Let us imagine that a physics professor, tired of thinking about the problem of measurement, decides to commit suicide by designing a peculiar device to which he fixes a revolver that, in turn, points at his head. Attached to the trigger is a device that measures the spin of a proton every ten seconds. If the value of 1/2 is obtained when making the measurement, the revolver is fired and kills the physicist. If -1/2 is output, only a ‘click’ is heard. In this case, the apparatus provides a new proton and starts over, up to ten times.

According to the Copenhagen interpretation, the physicist has a 50% chance of surviving the first 10 seconds, a 25% chance of surviving after 20 seconds, and only a 0.1% chance of surviving after 100 seconds.
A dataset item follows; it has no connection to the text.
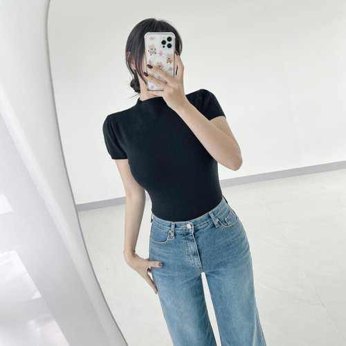글램핏 / 페미닌 반폴라 셔링 퍼프 슬림핏 이너 반팔 니트 티셔츠 가을 겨울 3컬러
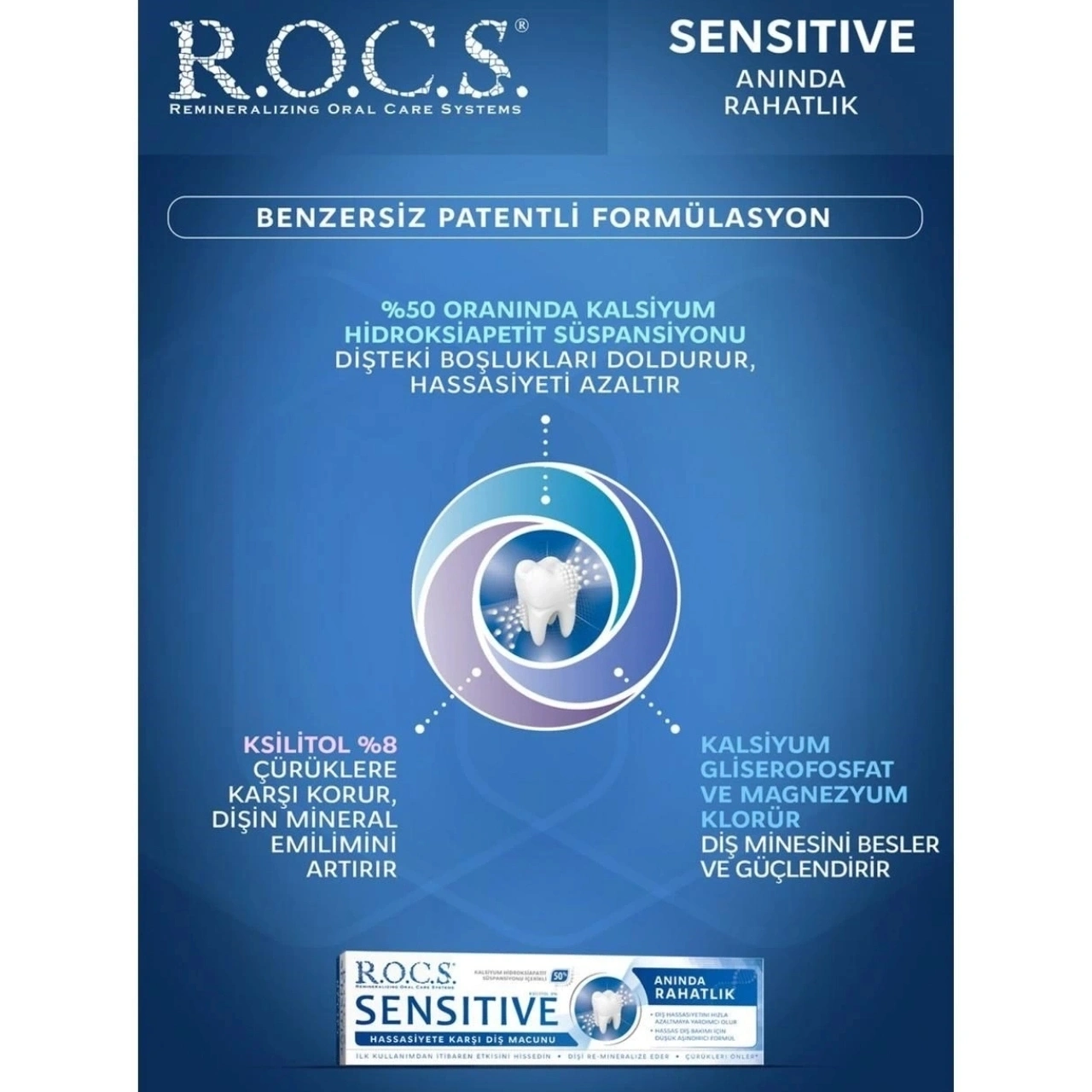 R.O.C.S. Sensitive Repair & Whitening Diş Macunu ise hassas dişlere sahip yetişkinler için özel olarak formüle edilmiştir. Kalsiyum hidroksiapatit içeriği sayesinde diş minesindeki hassasiyet kaynaklı mikro hasarların onarılmasına destek olur. Günlük kullanıma uygun yapısı ile diş minesini aşındırmadan temizlik sağlarken, beyazlatıcı etkisiyle daha bakımlı ve sağlıklı bir gülümsemeye katkıda bulunur.

But the Many Worlds interpretation solves the problem differently. As every 10 seconds the universe divides in two, in one branch the physicist dies but in the other he lives. Thus, after 100 seconds our physical is dead in all universes… except one. ” The experimenter will discover that he is immortal ” says the physicist Max Tegmark. However, this argument only works for the physics teacher. For his assistant, who is watching the experiment in terror, the end result is the same regardless of the correct interpretation: if it is Copenhagen, his boss had a 0.1% chance of surviving; if it is the Many Worlds, it only had a 0.1% chance of being in the universe in which its boss survives.

But, let’s insist, your boss doesn’t care. If Conpehague’s is good, he only has a 0.1% chance of surviving, but if Everett’s is correct, he knows with absolute certainty that he will come out of the experiment alive, because there will be a universe in which he will not die . And he will not be a different person, but an exact copy of himself: the only difference with the rest of his other selves is that he will not have a bullet in his head.

Obviously, no one is aware of this multiplication of universes and no one, except in the Marvel Multiverse, can travel from one to another. The idea that our body and our consciousness could have billions of copies living side by side but unable to see or touch each other is shocking, but the underlying theory is absolutely consistent . “Each quantum transition -explained De Witt- that takes place in every star, every galaxy, in every remote corner of the universe is dividing our local world into myriads of copies of itself. It’s schizophrenia with a vengeance!”